Douglas Graham/CQ Roll Call
Lieberman has a long history of working across the aisle, particularly on foreign policy and national security, during his 24 years in the Senate.

Joseph I. Lieberman has taken stock of his last years in office and found them lacking, as he’s watched his biggest legislative priorities fall victim to the same procedural morass that has stymied so much of the Senate’s work in recent years.

So in some final advice to his colleagues, the Connecticut independent says it’s time for Majority Leader Harry Reid, D-Nev., to throw out filibuster rules that allow the minority to block just about anything from coming to the Senate floor.

“The process here can determine too much of ... the results, or lack of results,” Lieberman said during a lengthy interview with CQ Roll Call just before Thanksgiving.

In his ideal Senate, a simple majority of 51 votes would rule for just about everything, he said.

Lieberman suggested that concerns about protecting minority rights, a frequent refrain of Minority Leader Mitch McConnell, R-Ky., are exaggerated.

“The filibuster supposedly was meant to protect the country from a passion of the moment sweeping irrationally through Congress and being signed by the president,” Lieberman said, in reference to the 60-vote supermajority requirements in current rules. “I can’t remember the last time a passion of the moment swept through a Congress and was signed by the president.”

Though he has not been vocal about it much recently, Lieberman worked with Sen.
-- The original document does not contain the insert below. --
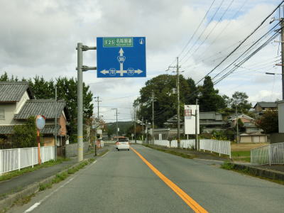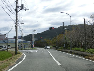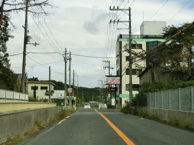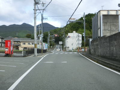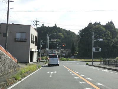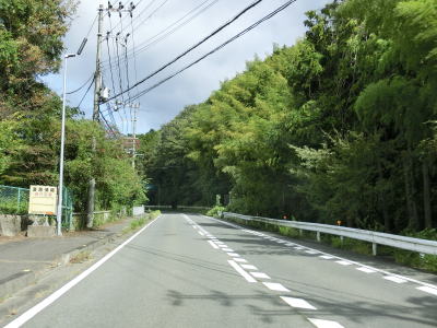 | 福地交差点からはセンターラインのない1.8車線幅道路を上って行く。200m強でバイパスとの五月ヶ丘交差点を道なりに進む。左折ではなく道なりに進むせいか案内標識は設置されていない。 | ||

Tom Harkin, D-Iowa, to reduce the threshold needed to invoke cloture — and thus limit debate — during the 1990s.

“The problem we face is not that things are getting done too quickly, but that they’re not getting done,” he explained.

Lieberman said one of the problems with modern floor operations is exemplified by Kentucky Republican Rand Paul’s decision to stall action on the fiscal 2013 defense authorization bill — a scenario Lieberman said could result in the bill failing to pass for the first time in 50 years.

Notably, Lieberman gained significant influence in the Senate in part because of the very rules that he said should go away. During a 2009 debate on what would become President Barack Obama’s signature health care law, Lieberman pushed back against a proposed Medicare expansion favored by Democratic leaders, temporarily impeding the bill’s path to Senate passage. At that time, Reid had 60 senators in his conference and needed each and every vote to overcome united GOP opposition.

Despite his own success in using the rules, Lieberman said Reid should not stop at current proposals to end filibusters to motions to proceed, saying those plans are “quite mild.”

“To me, it’s really not the end of reform but just the beginning,” he said.